DLP for Copilot: In Purview’s DLP policy section, you can create a policy scoped to the “Microsoft 365 Copilot” location (a new location type)[6]. Configure this policy to detect your highest sensitivity labels or specific sensitive info types, and set the action to “block Copilot” from accessing or outputting that content[3][6]. Microsoft has introduced the ability to block Copilot from processing items (emails, files) that bear certain sensitivity labels[3]. For example, you might specify that anything labeled Highly Confidential or ITAR Restricted is not allowed to be used by Copilot. This means if a user asks Copilot about a document with that label, Copilot will be unable to include that data in its response[3]. (Internally, Copilot will skip or redact such content rather than risk exposing it.) Enabling this type of DLP rule ensures sensitive files or emails stay out of AI-driven summaries.

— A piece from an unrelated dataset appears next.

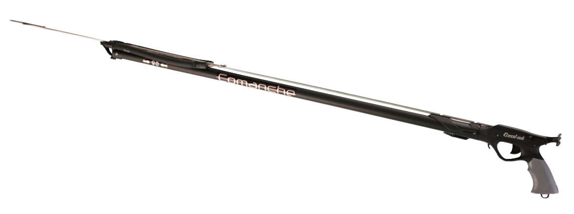 L'arbalète Comanche deriva dalla lunga esperienza acquisita dalla Cressi con la mitica serie Apache. Sono stati impiegati nuovi tecnopolimeri dell'ultima generazione per realizzare impugnatura e puntale, materiali che abbinano alla leggerezza una grande rigidità e resistenza meccanica. Ne deriva una minore flessibilità dei materiali e, di conseguenza, una maggiore precisione di tiro. Il puntale è molto compatto, sottile e idrodinamico. Il punto di aggancio degli elastici è abbassato e l'asta è perfettamente allineata con gli elastici. La visibilità offerta dalla testata è eccellente e il puntamento risulta preciso e veloce. Nuovi anche gli alloggiamenti su entrambi i lati del puntale per il passaggio della sagola e un nuovo guida-asta, collegato alla testata, di dimensioni ridotte, per accompagnare l'uscita dell'asta senza sbalzi. Nella parte inferiore è presente l'alloggiamento per un secondo elastico. L'impugnatura presenta nella parte anteriore un lungo guida-asta che garantisce nel momento dello sgancio un'ottima precisione di tiro. Vi sono ben 4 sganciasagola: due laterali, con dentini di nuovo tipo, che assicurano una buona tenuta della sagola e, al tempo stesso, un facile rilascio della stessa al momento del tiro. Vi è poi uno sganciasagola meccanico, che viene liberato dall'uscita dell'asta e un quarto anteriore, posto sotto la canna. La parte posteriore dell'impugnatura termina con un comodo appoggio sternale, che facilita le operazioni di caricamento. Il calcio è realizzato in morbido materiale rubbersoft per una presa sicura e confortevole. Dalla parte inferiore del calcio fuoriesce un robusto anello di aggancio per il sagolone. E' dotato di un manettino maggiorato di riavvolgimento e di un'ottima frizione, veramente progressiva ed efficace. Il sistema di aggancio al fucile avviene tramite slitta a coda di rondine, posizionata in modo T.

DLP for Third-Party AI (Web): Create or edit a DLP policy to cover endpoint activities in browsers. Microsoft provides a template via DSPM for AI (the “Fortify your data security” recommendation) that you may have enabled, which includes a policy to block sensitive info from being input into AI web apps via Edge[3]. If not already active, define a new DLP policy with the Endpoint location (which covers Windows 10/11 devices that are onboarded to Purview) and specifically target web traffic (Purview DLP can filter by domain or category of site). You can use Microsoft’s managed list of “AI sites” (which includes popular generative AI services like chat.openai.com, Bard, etc.) as the trigger. The policy condition should look for sensitive info (e.g. built-in sensitive info types like credit card numbers, tax file numbers, health records, or any data classified with your sensitive labels). Set the action to block or block with override. For example, you might block outright if it’s highly sensitive (like >10 customer records), or allow the user to override with justification for lower sensitivity cases. This ensures that if an employee attempts to paste confidential text into, say, ChatGPT, the content will be blocked before leaving the endpoint[3]. In fact, with Adaptive Protection (an E5 feature), the policy can automatically apply stricter controls to high-risk users – e.g. if a user is already flagged as an insider risk, the DLP will outright block the action, whereas a low-risk user might just see a warning[3].
After setting up these policies, use the Purview “Policies” page under DSPM for AI to verify all are enabled and healthy[2]. You can click into each policy (it will take you to the respective solution area in Purview) to adjust scope or rules. For instance, during initial testing you might scope policies to a few pilot users or exclude certain trusted service accounts. Over time, refine the policies: add any custom sensitive info types unique to your business (like project codes or proprietary formulas) and tweak the blocking logic so it’s appropriately strict without hampering legitimate work.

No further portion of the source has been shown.